NEW YORK (Reuters) – Underperformance among defensive shares in sectors such as utilities, healthcare and consumer staples is a bullish sign for equities as investors move towards risk, according to a recent note from Oppenheimer.
Analyst Ari Wald said in a May 11 note to clients that while the S&P 500 continues to test its 2,120 resistance point, as long as the benchmark index holds its support level at 2,040 the long-term trend is bullish.
While the index is up about 1.4 percent for the quarter, Wald notes “performance has not been particularly bad in any of the S&P’s sectors,” with only utilities, off 2 percent, posting a decline for the quarter.
The drop in utilities, along with underperformance in defensive names such as Johnson & Johnson, Procter & Gamble Co and Wal Mart Stores Inc and gains in cyclical stocks such as Nike Inc and MasterCard Inc suggest investors are embracing risk and “these leadership trends suggest cyclicality should be rewarded in the coming months and argues against a major top,” according to Wald.
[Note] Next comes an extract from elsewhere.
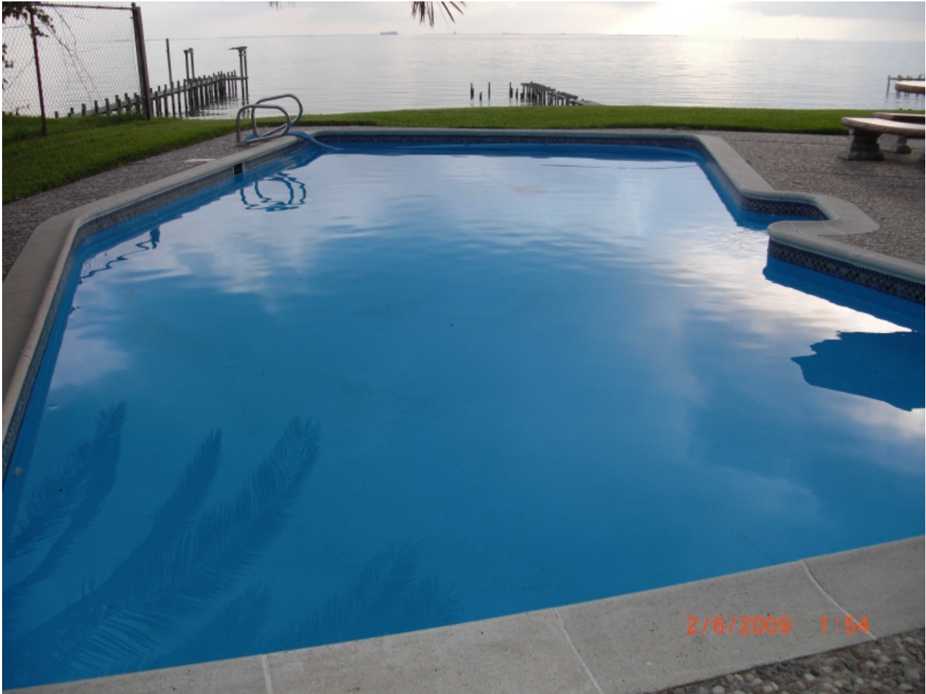
Finished pool – Galveston Bay in background

RESULT: The pool was closely examined before filling to ensure no more blistering “surprises” were found. Once the quality of the coating was confirmed, the pool was refilled with water after a 24 hour curing period. The pool is now restored to a beautiful appearance and due to the FASTONITE lining, it will consume only a fraction of the pool chemicals previously used.

Among the top 100 stocks by market capitalization in the S&P 500, J&J is down 3.8 percent, Procter & Gamble is down more than 2 percent and Wal Mart is off 4 percent for the quarter. Nike is up 2.3 percent while MasterCard is up more than 7 percent in the same time frame.
Wald also cites Starbucks Corp, up 5.5 percent quarter-to-date, Morgan Stanley, up 5.8 percent and JPMorgan Chase & Co, up 7.8 as emerging leaders among cyclical stocks.